Operational guidelines during the observational study
  • Do not use high-dose antioxidants empirically outside of controlled clinical trials, especially when combined with anticancer therapy. Studies with controlled dose escalations and under close medical observation and monitoring of the patient's vital signs are preferred.
  • When considering antioxidants as adjuvants, there must be specific medical supervision by a specialist (e.g., oncologist) within a precise planning that defines dose, timing, and predefined endpoints.
  • The literature recommends larger, randomized studies with clear endpoints (OS/PFS/response/quality of life), and these will be the project's endpoints.
  • Before administration, the patient must be examined by their primary care physician to certify their clinical status. Blood tests must be performed to assess liver and kidney function, the presence of previous inflammation, the degree of cellular redox activity, the residual capacity to reduce free radicals, and the immunological status of the patient participating in the study.
  • The volunteer patient must not incur any costs and must sign the informed consent form in advance, stating that he or she is participating in the randomized study and clearly specifying that the study is not for therapeutic purposes but rather for observing the effects of the administration of the preparation for the pathology.
  • The infusions must take place exclusively in practices or clinics approved as infusion centers pursuant to the Presidential Decree of January 14, 1997, as amended by the consolidated law on local health (TULS).
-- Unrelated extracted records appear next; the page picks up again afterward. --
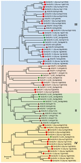 Unrooted phylogenetic tree of the glutamate receptor-like (GLR) family proteins from soybean (Glycine max), rice (Oryza sativa), and Arabidopsis thaliana. Soybean GLRs are marked with red circles, Arabidopsis GLRs were marked with purple triangles, while rice GLRs were marked with green diamonds. The bar indicates the relative divergence of the sequences examined, and bootstrap values are displayed next to the branch. Roman numerals designate the subfamilies.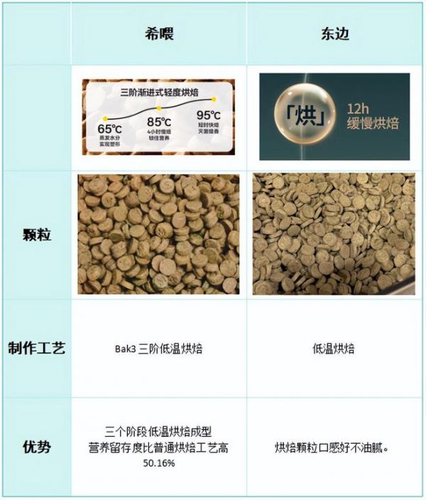 希喂:希喂烘焙狗粮的 Bak3 三阶低温烘焙工艺,是和国内头部工厂山东汉欧联合打造的独家核心工艺。依托汉欧成熟的烘焙经验与国际认证生产体系,希喂的烘焙技术可靠度也是直接拉满。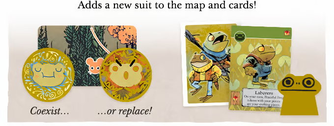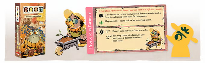 Three new hirelings enter the fray: the Freshwater Refugees, Heartwood Peacemakers, and the neutral Prosperous Farmers. Each comes with a double-sided tarot card and new meeples, adding even more variety to your games of Root.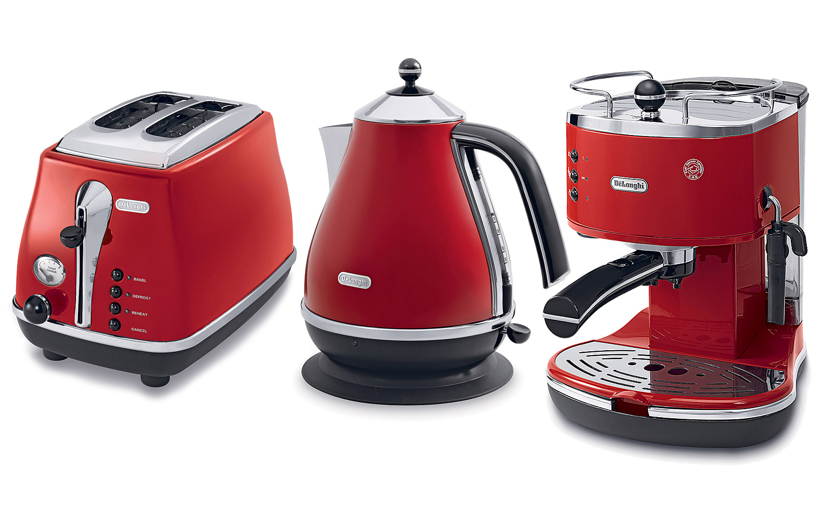 Czajnik, ekspres ciśnieniowy i toster DeLonghi, seria Icona. Te trzy urządzenia to ikony włoskiego stylu z lat 50./60. Do wyboru w kolorach: czarnym, czerwonym, białym lub turkusowym. Cena: ekspres – od 550 zł, toster – od 199 zł, czajnik – od 275 zł. Czajnik, ekspres ciśnieniowy i toster DeLonghi, seria Icona. Te trzy urządzenia to ikony włoskiego stylu z lat 50./60. Do wyboru w kolorach: czarnym, czerwonym, białym lub turkusowym. Cena: ekspres – od 550 zł, toster – od 199 zł, czajnik – od 275 zł. materiały prasowe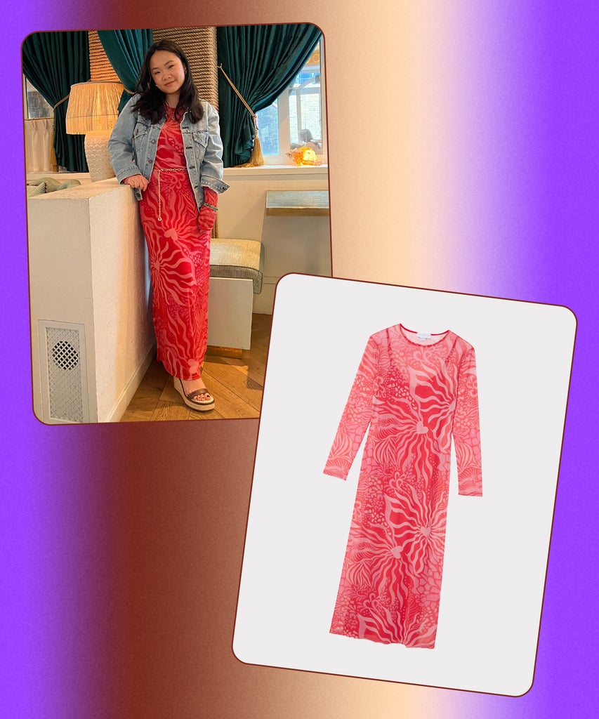 I didn’t want a super clingy fit, so I took a size UK 12. It had the right amount of give for me, even though the size quiz suggested a size UK 10. I do have to wear my tallest wedges with it, since the length goes past my ankles on my 5’1” frame. (This is the only colorway that doesn’t come with a petite length, sadly.)” — Venus Wong, Senior Writer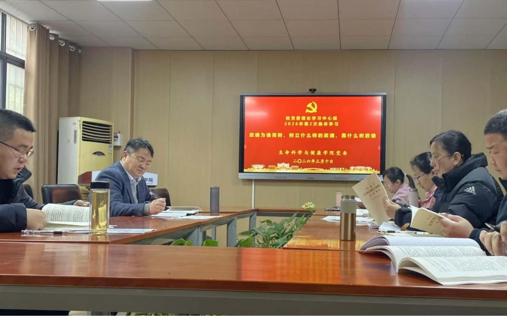 3月10日下午,色色漫画 党委理论学习中心组在生物楼110举行2026年第二次集体学习(扩大)会,深入学习贯彻习近平总书记关于树立和践行正确政绩观的重要论述精神,传达落实中央、省委党的建设工作领导小组会议精神。院党委书记龙赢主持会议并作总结发言,学院党委理论学习中心组成员、三办主任、教工党支部书记、组织员参加学习。
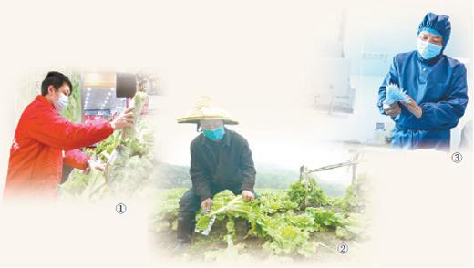 (1)He Chang puts vegetables on the shelf. (2) A local farmer harvests vegetables in Quzhou. (3) Fu Zhiyuan checks masks in his factory. (Photo/People's Daily)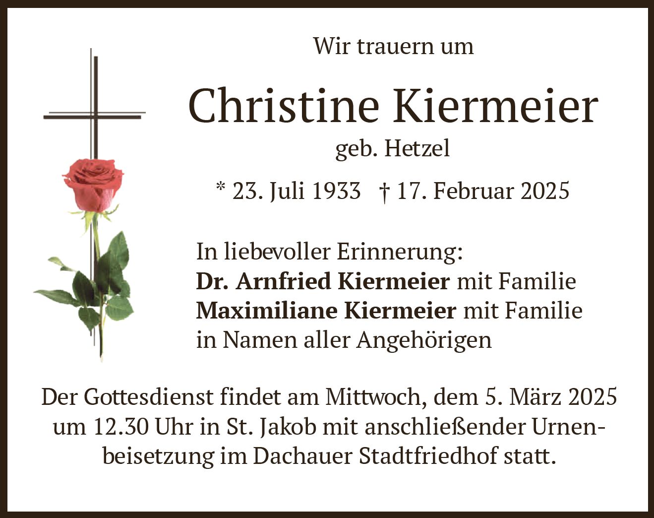 Gottesdienst am Mittwoch, dem 5. März 2025, um 12:30 Uhr in Dachau, St. Jakob. Beisetzung am Mittwoch, dem 5. März 2025, um 13:30 Uhr im Dachauer Stadtfriedhof.

This applies especially to private medical centers participating, after proof has been provided that the clinic where the infusions are performed complies with the legal requirements.
Data collection and processing

This phase is crucial for evaluating the treatment’s efficacy and calculating the planned endpoints, as well as being the gateway to the Phase 2 clinical trial. For this reason, the analysis of the collected data must be performed at a university medical statistics center and must report both the benefits and any adverse effects noted in the short and medium term (the patient remains under periodic observation for 6 months), the success and failure rates, and the calculation of the risk/benefit ratio.

Ethical approval

The study protocol will be conducted in accordance with the ethical principles of the Declaration of Helsinki and Good Clinical Practice (GCP) guidelines. Ethical approval will be obtained from the appropriate Institutional Ethics Committee before initiation of patient recruitment.

Informed consent

Written informed consent will be obtained from all participants prior to enrollment in the study. Participants will be informed regarding the objectives of the study, potential risks, expected benefits, confidentiality measures, and their right to withdraw from the study at any time without affecting their standard medical care.